**WORK ITEM**
In the material below, find the line with "사용기간이 최대 3년으로, 대상" and the line with "Dopo 3 mesi", then output both and every line between them exactly, omitting pictures.

**GIVEN INFORMATION**
BEGIN
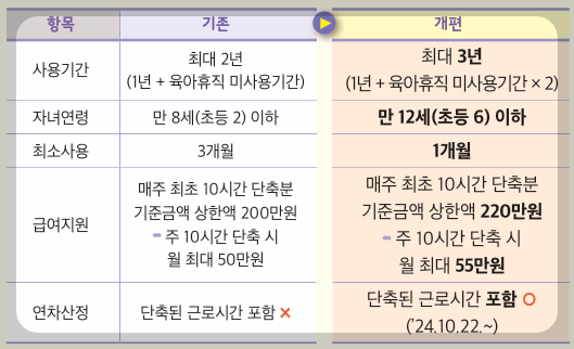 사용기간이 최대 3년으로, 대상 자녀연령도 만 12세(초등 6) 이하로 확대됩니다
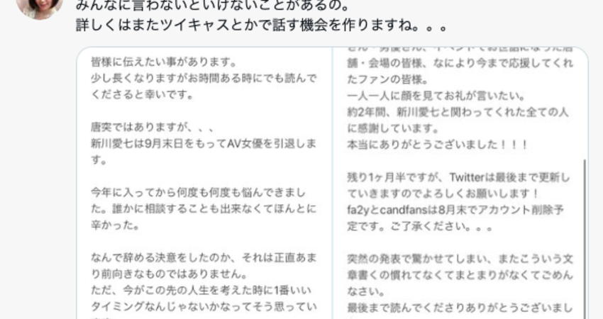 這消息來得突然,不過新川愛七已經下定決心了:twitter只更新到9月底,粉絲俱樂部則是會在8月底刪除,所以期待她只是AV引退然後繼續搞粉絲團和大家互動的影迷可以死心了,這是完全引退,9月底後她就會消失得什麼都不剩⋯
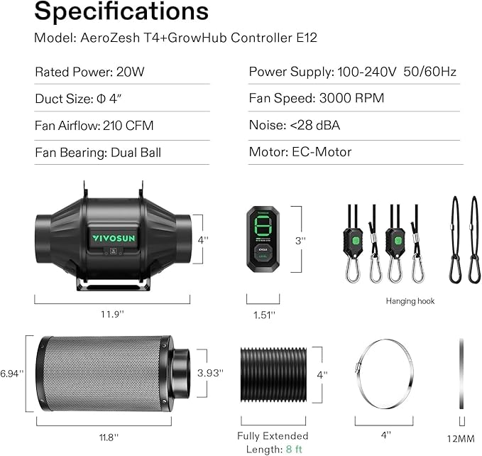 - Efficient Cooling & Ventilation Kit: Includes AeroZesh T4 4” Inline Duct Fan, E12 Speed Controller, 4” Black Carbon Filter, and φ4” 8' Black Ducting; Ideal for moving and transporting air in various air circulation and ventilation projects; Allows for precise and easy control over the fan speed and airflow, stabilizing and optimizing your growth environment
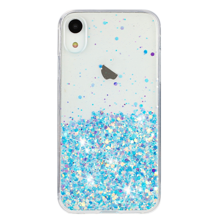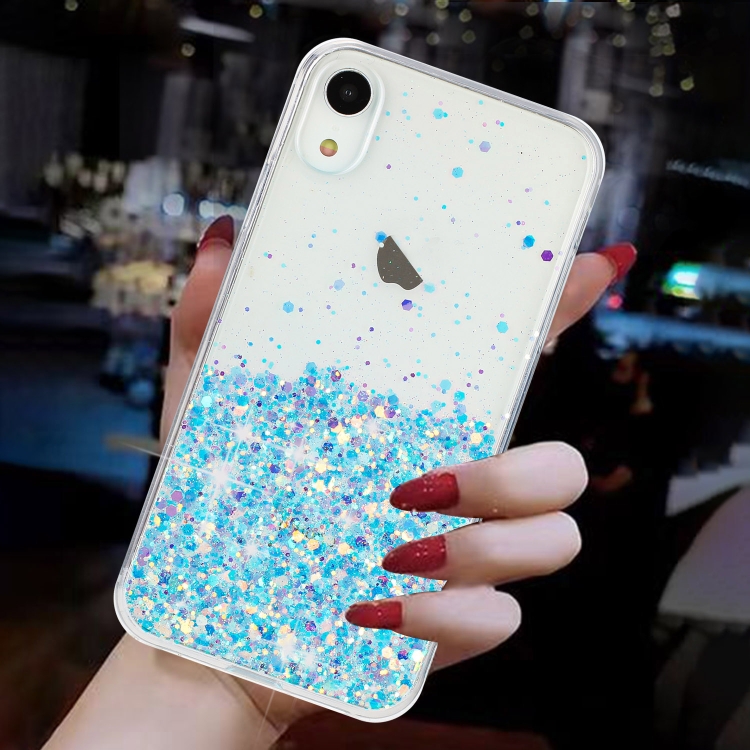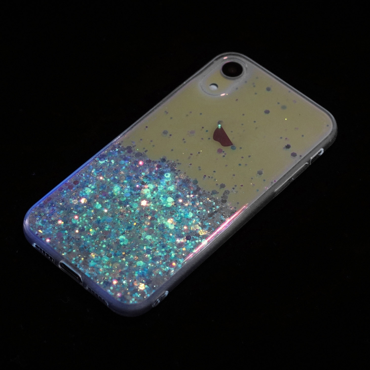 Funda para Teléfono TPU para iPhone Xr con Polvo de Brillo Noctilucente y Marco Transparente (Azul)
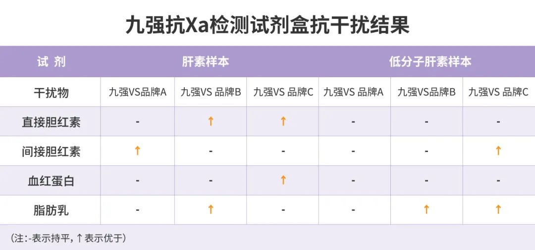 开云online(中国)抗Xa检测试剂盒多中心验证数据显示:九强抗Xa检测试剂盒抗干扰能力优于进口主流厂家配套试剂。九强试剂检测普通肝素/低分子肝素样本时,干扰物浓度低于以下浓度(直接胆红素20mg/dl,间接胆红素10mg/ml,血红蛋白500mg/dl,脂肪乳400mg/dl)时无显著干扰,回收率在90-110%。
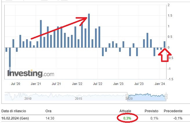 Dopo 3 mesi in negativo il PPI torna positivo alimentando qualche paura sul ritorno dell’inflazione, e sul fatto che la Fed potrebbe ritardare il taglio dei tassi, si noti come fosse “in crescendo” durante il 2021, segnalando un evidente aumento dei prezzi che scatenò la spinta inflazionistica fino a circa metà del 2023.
END
BEGIN
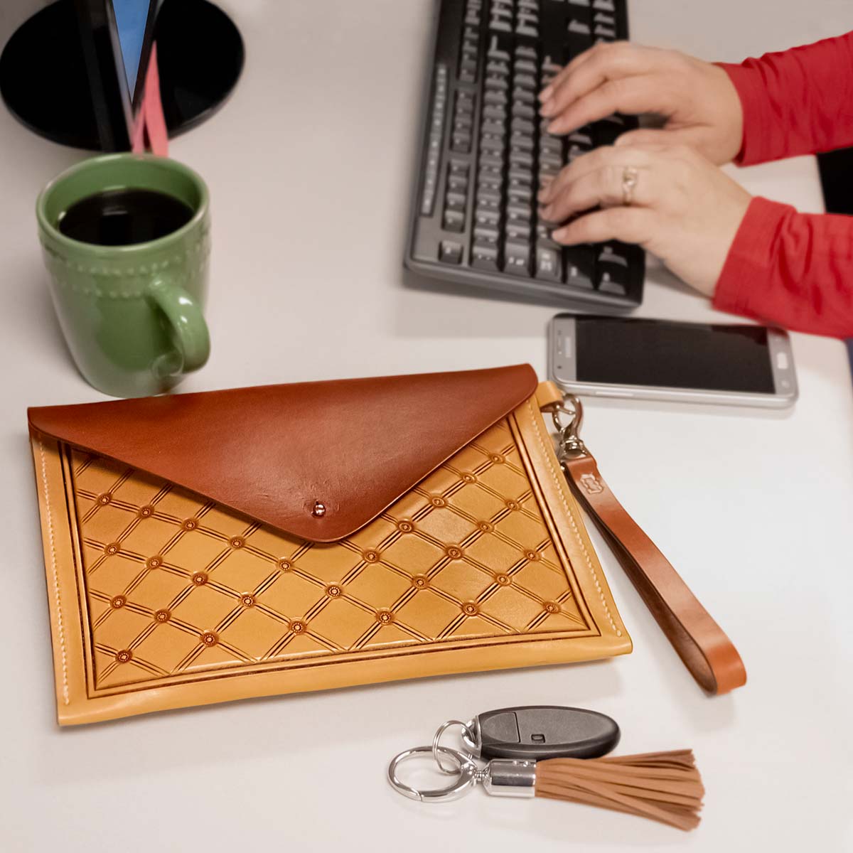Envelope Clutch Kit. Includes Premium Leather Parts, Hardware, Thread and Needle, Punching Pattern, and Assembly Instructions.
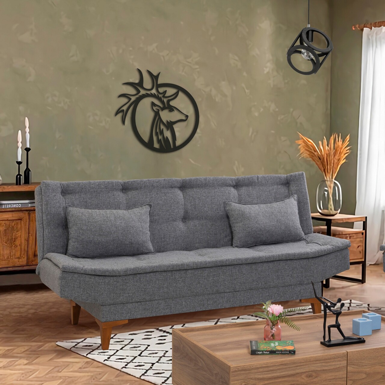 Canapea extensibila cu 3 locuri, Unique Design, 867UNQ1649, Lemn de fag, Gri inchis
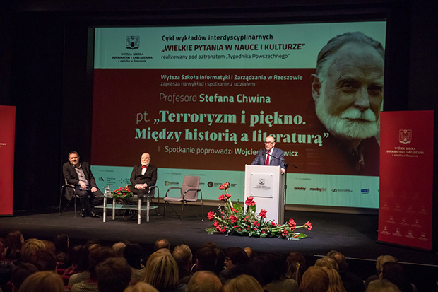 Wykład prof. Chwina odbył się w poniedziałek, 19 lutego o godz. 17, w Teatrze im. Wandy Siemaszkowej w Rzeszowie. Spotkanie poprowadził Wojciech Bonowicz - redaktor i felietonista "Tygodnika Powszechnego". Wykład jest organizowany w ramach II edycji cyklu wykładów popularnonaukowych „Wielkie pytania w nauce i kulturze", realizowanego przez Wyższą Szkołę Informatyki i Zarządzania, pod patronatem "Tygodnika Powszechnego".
END
BEGIN
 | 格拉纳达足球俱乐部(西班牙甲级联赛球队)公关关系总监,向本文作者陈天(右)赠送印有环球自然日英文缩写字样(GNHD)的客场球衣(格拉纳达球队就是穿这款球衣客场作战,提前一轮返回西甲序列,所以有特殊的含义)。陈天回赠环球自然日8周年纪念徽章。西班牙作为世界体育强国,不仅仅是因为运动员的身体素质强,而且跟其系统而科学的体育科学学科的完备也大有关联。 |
END
**SOLUTION**
 사용기간이 최대 3년으로, 대상 자녀연령도 만 12세(초등 6) 이하로 확대됩니다
 這消息來得突然,不過新川愛七已經下定決心了:twitter只更新到9月底,粉絲俱樂部則是會在8月底刪除,所以期待她只是AV引退然後繼續搞粉絲團和大家互動的影迷可以死心了,這是完全引退,9月底後她就會消失得什麼都不剩⋯
 - Efficient Cooling & Ventilation Kit: Includes AeroZesh T4 4” Inline Duct Fan, E12 Speed Controller, 4” Black Carbon Filter, and φ4” 8' Black Ducting; Ideal for moving and transporting air in various air circulation and ventilation projects; Allows for precise and easy control over the fan speed and airflow, stabilizing and optimizing your growth environment
 Funda para Teléfono TPU para iPhone Xr con Polvo de Brillo Noctilucente y Marco Transparente (Azul)
 开云online(中国)抗Xa检测试剂盒多中心验证数据显示:九强抗Xa检测试剂盒抗干扰能力优于进口主流厂家配套试剂。九强试剂检测普通肝素/低分子肝素样本时,干扰物浓度低于以下浓度(直接胆红素20mg/dl,间接胆红素10mg/ml,血红蛋白500mg/dl,脂肪乳400mg/dl)时无显著干扰,回收率在90-110%。
 Dopo 3 mesi in negativo il PPI torna positivo alimentando qualche paura sul ritorno dell’inflazione, e sul fatto che la Fed potrebbe ritardare il taglio dei tassi, si noti come fosse “in crescendo” durante il 2021, segnalando un evidente aumento dei prezzi che scatenò la spinta inflazionistica fino a circa metà del 2023.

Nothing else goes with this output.